Edouard Louis, Seuil
L'Effondrement
240 pages
Dans une enquête intime à la beauté féroce, Edouard Louis cherche à comprendre la mort prématurée de son frère alcoolique, et les raisons du gouffre qui les séparait.
Edouard Louis pensait avoir réglé ses comptes avec sa famille. Après le procès à charge (En finir avec Eddy Bellegueule), où il racontait son enfance dans l’enfer du nord et sa fuite à Paris, il avait repris les éléments du dossier pour les instruire cette fois à décharge, à la lueur de la sociologie en général et des théories de Bourdieu en particulier. C’est ainsi que le père d’abord (Qui a tué mon père), la mère ensuite (Monique s’évade) furent réhabilités au nom d’un déterminisme social qui écrase les classes populaires. La violence de son milieu d’origine, et ses manifestations toxiques comme l’homophobie ou le masculinisme, découlant en grande partie de la violence politique exercée par les élites.
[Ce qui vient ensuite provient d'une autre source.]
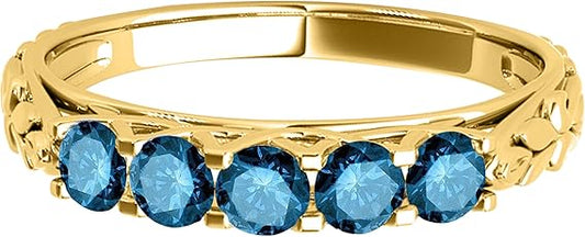 Aonejewelry Blue Diamond 10K 1.00 Carat Five Stone Wedding Band In Rose, White And Yellow Gold, Best Valentinesday Gift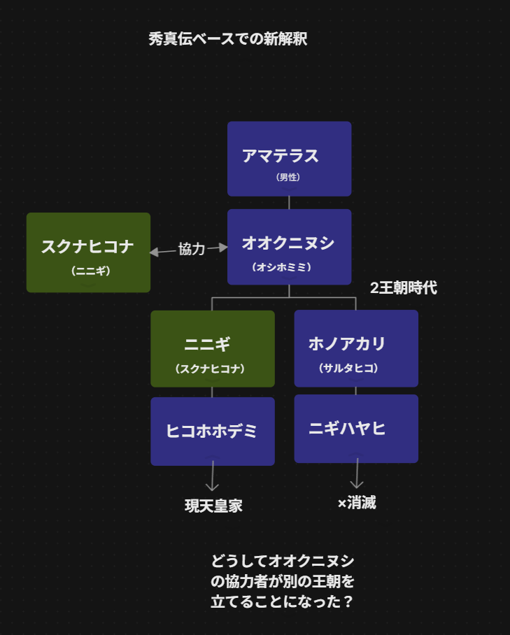仮にこの等式を認めると、秀真伝に記された瓊瓊杵尊と火明命の二人の王が立ったとされる二王朝時代がどのようなものであったのかが見えてくるのと同時に、瓊瓊杵尊の天孫降臨の記述が実際にどのような意味を持つのかも分って来るのです。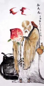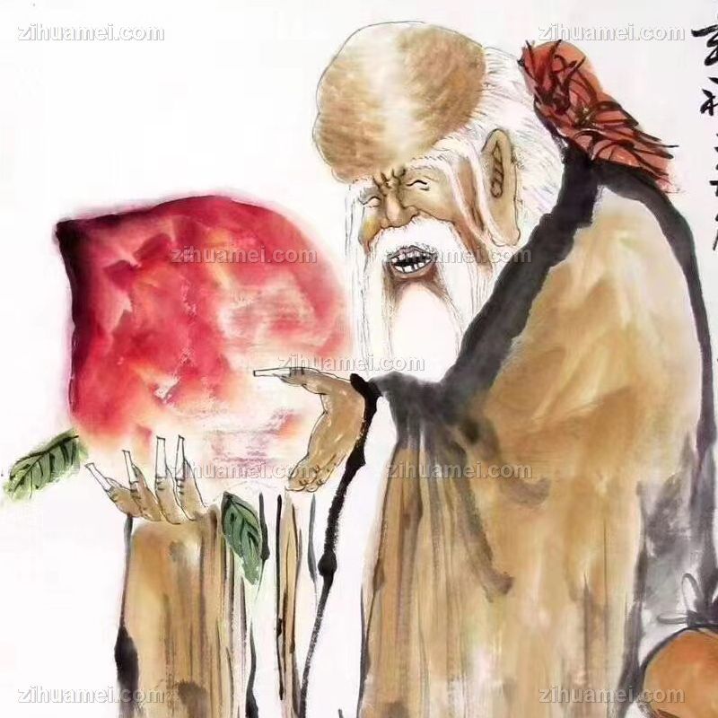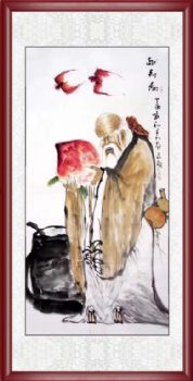 • 中国传统国画老寿星献寿图蝙蝠代表福气飞来手绘国画实木外框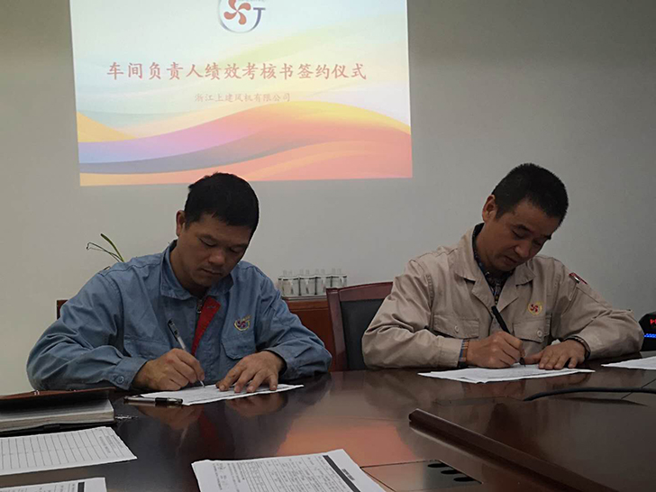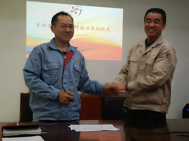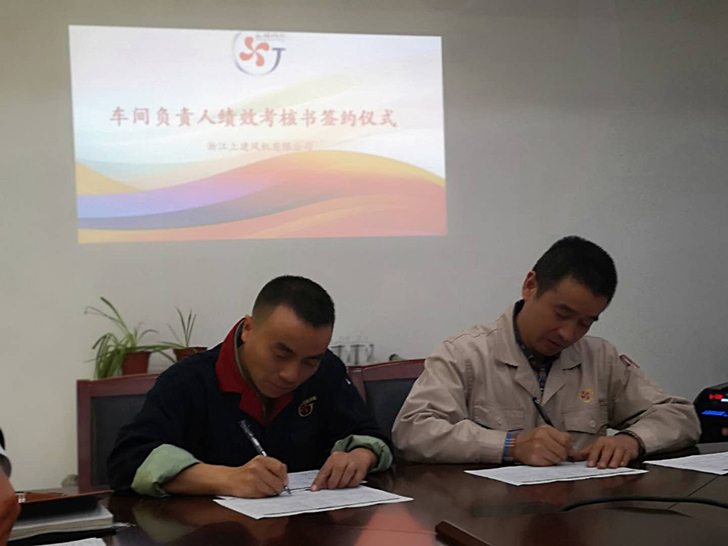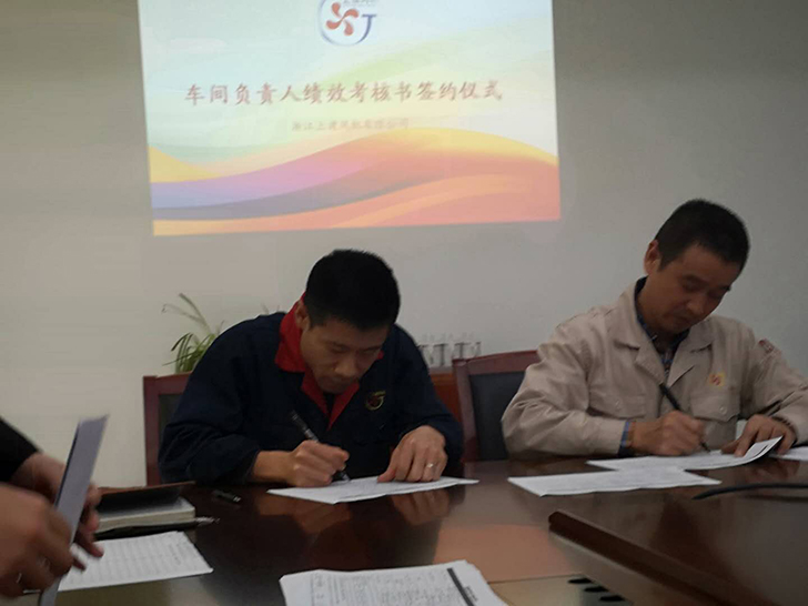 签订仪式后童总提出了3点要求:一、绩效考核要杜绝感情因素、做到公平公正、更不能流于形式;二、各车间主任要时刻保持学习的心态,学习先进的加工设备与工艺,学习提高产能、6S现场的先进管理方式,培养一大批一专多能的复合式制造人才;三、深耕风机产业,坚持不懈地服务营销、坚守制造优质风机装备的那份初心。

La mort prématurée de son demi-frère, à seulement 38 ans, retrouvé « effondré sur le sol de son appartement (…) comme un animal à l’agonie, comme une bête », a incité Edouard Louis, le nouveau roi de l’autofiction à rajouter un ultime chapitre à cette odyssée familiale. Moins par affection pour cet aîné homophobe, violent et alcoolique qu’il ne voyait plus depuis une décennie que pour comprendre le fossé abyssal les séparant. « Je n’ai rien ressenti à l’annonce de la mort de mon frère; ni tristesse, ni désespoir, ni joie, ni plaisir », avoue-t-il d’emblée. De là démarre une enquête nourrie des témoignages des femmes qui ont croisé la route de ce grand brûlé de l’existence. Avec pour boussole les faits saillants qui éclairent un caractère torturé et insaisissable. Son frère est une énigme. « Il n’a jamais su rêver que de gloire, et je crois que c’est la dimension de ses rêves, et le désajustement entre leur dimension et toutes les impossibilités qui ont formé sa vie, la misère, la pauvreté, le nord de la France, son destin, je crois que ce sont toutes ces contradictions qui l’ont rendu si malheureux », constate-t-il en fouillant dans sa mémoire pour le « Fait numéro 1″. Ce dispositif pointilleux, s’il permet de mettre au jour la cruauté gratuite du frère -il invite son cadet à loger dans son studio insalubre la veille d’un examen important du bac, et fait tout pour l’empêcher de dormir- ou ses débâcles professionnelles et sentimentales successives, échoue cependant à expliquer « l’effondrement » d’une personnalité poreuse au malheur et à l’autodestruction. Pourquoi n’arrive-t-il pas à saisir la chance quand elle se présente? Pourquoi sabote-t-il systématiquement ses relations avec des femmes follement amoureuses de lui?
Freud à la rescousse
Pour sortir de l’impasse d’une grille de lecture sociologique un peu trop rigide, Edouard Louis va aller chercher des outils du côté de la psychanalyse et même de la psychiatrie. Un appel d’air théorique bienvenu qui lui permet d’identifier la blessure psychique qu’il porte depuis que ses parents se sont séparés. Entre un père qui l’a renié et une mère (la même que l’auteur) qui se range systématiquement à l’avis d’un beau-père rigide, le jeune homme n’a jamais trouvé sa place dans sa famille et dans le monde. Un manque d’amour qui a nourri sa dépression. Toutes ses fugues et ses excès sont des tentatives pour conjurer ce trauma originel. Le contexte social a fait le reste pour « l’achever ». On ne se réconcilie pas avec les morts, mais au moins Edouard Louis, en prenant le temps de faire enfin connaissance et en prêtant sa plume élégante à sa colère et à ses questionnements, a-t-il découvert le chemin du pardon. Et rendu un peu de dignité à cet écorché qui, faute de mieux, faute de soutien approprié, a noyé ses rêves dans l’alcool.